Explicit cross-session memory

The agent never surveils your conversation. Memories are stored only when you ask — via remember, recall, and forget tools — with SQLite + embeddings for durable, privacy-respecting retrieval across sessions.

kimiflare Node.js TUI
user msg → agent loop → runKimi()
POST SSE to Workers AI
api.cloudflare.com @cf/moonshotai/kimi-k2.6
tool result ← tool executor ← tool_calls
permission modal for write / edit / bash

Three ways to work

01

Plan

Read-only research. Mutating tools are hard-blocked. Ask "plan a refactor" and the agent investigates without touching your filesystem. Review, then exit plan mode to execute.

02

Edit

Default mode. The agent calls tools freely for read-only work; mutating tools pause for your approval with a unified diff preview.

03

Auto

Autonomous execution.
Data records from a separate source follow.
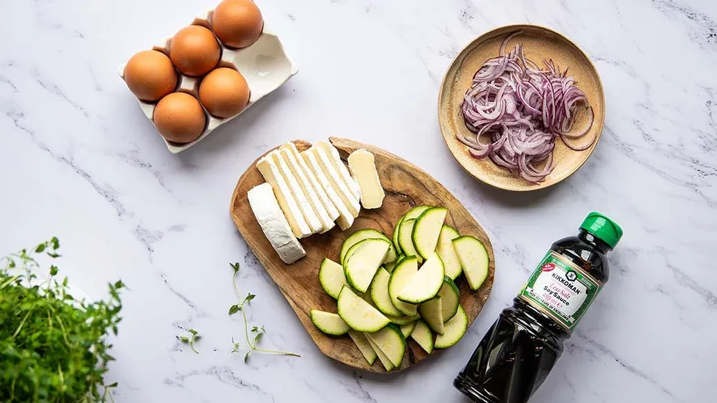 100 gr camembert – 100 gr patlıcan – 100 gr kabak – 50 gr kırmızı soğan – 1 yemek kaşığı zeytinyağı – 1 yemek kaşığı Kikkoman Daha Az Tuzlu Doğal Olarak Fermente Soya Sosu – 1 tatlı kaşığı doğranmış taze kekik – 0,25 tatlı kaşığı pembe biber
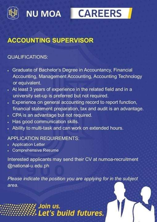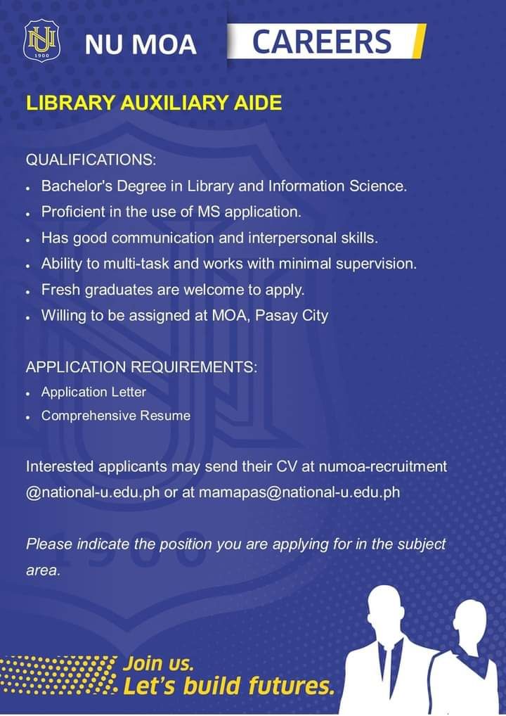 NU MOA is looking for the following Teaching and Non-Teaching positions for 2nd Term, AY 2021-2022:
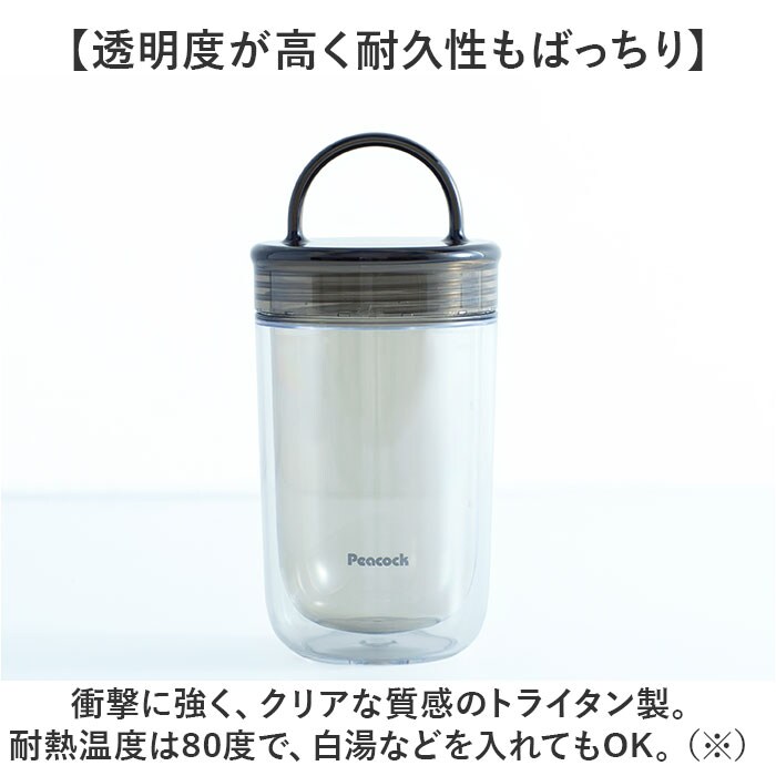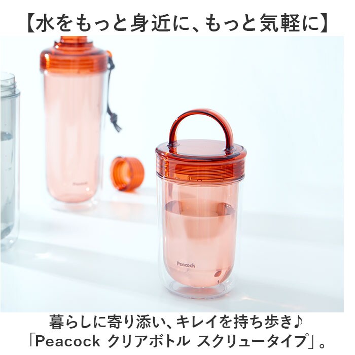 | 商品説明 | 【水をもっと身近に、もっと気軽に】暮らしに寄り添い、キレイを持ち歩き♪「Peacock クリアボトル スクリュータイプ」。【透明度が高く耐久性もばっちり】衝撃に強く、クリアな質感のトライタン製。耐熱温度は80度で、白湯などを入れてもOK。(※)熱湯を入れることは避けてください。【環境に配慮◎安心のBPAフリー】化学物質BPA不使用!小さなお子さまや妊娠中の方も安全に使えるのが嬉しい◎【デザイン性も機能性も抜かりなく】美しい浮遊感が特徴のダブルウォール仕様。外側の結露を防いで、まわりを濡らさず快適。【サッと水分補給できるスクリュー式】スムーズに開閉できるフタ。いつでもどこでもゴクゴク直飲みできるスクリュー式。【準備もお手入れもスムーズ】約6.6cmの広口タイプ。コップ感覚で底まで洗浄しやすく、サーバーからの給水なども簡単。【水分摂取量をしっかり管理】嬉しい目盛り付きで、摂取量をひと目で確認♪カラダ管理をされている方にもおすすめ。【ドリンク作りもラクラク対応】プロテインやデトックスウォーター作りに♪内側ボトルに印字されており、はがれる心配も不要。【サッと持ち出せる軽量設計】荷物にならず持ち運べる!取っ手付きで、オフィス用などにもちょうどいい容量340ml。【おしゃれなカラーリングも魅力】ヘルシーなブリックと、ブラックより抜け感のあるスモーク。家族で色違い揃えも☆ |

Every tool call is auto-approved. Use for trusted, well-scoped tasks. The agent still warns before irreversible actions.

Get started

bash
# Install
npm install -g kimiflare

# Run — onboarding will ask for your Cloudflare credentials
kimiflare

Or run without installing: npx kimiflare

bash
# Interactive TUI
kimiflare

# One-shot mode
kimiflare -p "summarize PLAN.md"

# Auto-approve for scripts
kimiflare -p "..." --dangerously-allow-all

# Override model
kimiflare --model @cf/moonshotai/kimi-k2.6

# Stream reasoning to stderr
kimiflare --reasoning

# Image understanding — reference images inline
kimiflare
kimiflare -p "explain this diagram.png"

Core tools

Tool Permission Description
read auto Read a text file (≤ 2MB) with optional line range
write prompt Create or overwrite a file. Shows a diff before approval
edit prompt Replace an exact substring. Fails unless unique match
bash prompt Run a shell command. Session-allow keyed by first token
glob auto Match files by pattern, sorted by mtime
grep auto Regex search. Uses ripgrep if available
web_fetch auto Fetch a URL, convert HTML → markdown (≤ 100KB)
tasks_set auto Publish a live task list for multi-step work

Plus LSP intelligence (hover, go-to-definition, references, diagnostics), cross-session memory (remember / recall / forget), and MCP extensibility for plugging in external tool servers.